L'omocisteina (HCY) è un amminoacido contenente zolfo che si forma durante la degradazione dell'amminoacido essenziale metionina nell'organismo. La metionina fornisce gruppi metile per numerose reazioni chimiche e zolfo per la sintesi delle proteine.
L'omocisteina così prodotta viene o convertita in cisteina ed eliminata o riossidata a metionina. Per questa degradazione e il ritorno alla sostanza di partenza sono necessari la vitamina B6, la vitamina B12 e il folato. Una carenza di queste vitamine può perturbare questi processi e manifestarsi con vari sintomi nell'organismo.
Il valore dell'omocisteina fornisce informazioni sullo stato delle vitamine e sul rischio di alcune malattie.

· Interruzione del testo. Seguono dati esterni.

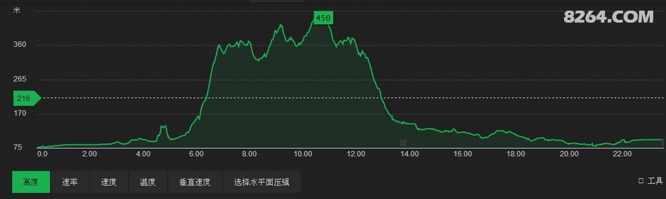 这个超级防火道,上上下下,不停地折腾,最高处的海拔也才450米,但我们累计上升是830米了。

Un valore normale è fino a 10 µmol/l, mentre valori a partire da 12 µmol/l sono considerati elevati e possono indicare una carenza vitaminica.
L'omocisteina elevata è un fattore di rischio per l'aterosclerosi e per le malattie cardiovascolari come le trombosi, nonché per malattie oculari come la degenerazione maculare. Non è chiaro se l'omocisteina aumenti direttamente il rischio di malattia o sia solo un indicatore. Tuttavia, studi mostrano che una riduzione del livello di omocisteina tramite supplementazione con vitamine B non riduce necessariamente il rischio di cancro o di malattie cardiovascolari, suggerendo che l'omocisteina possa essere più un segnale d'allarme che una causa diretta.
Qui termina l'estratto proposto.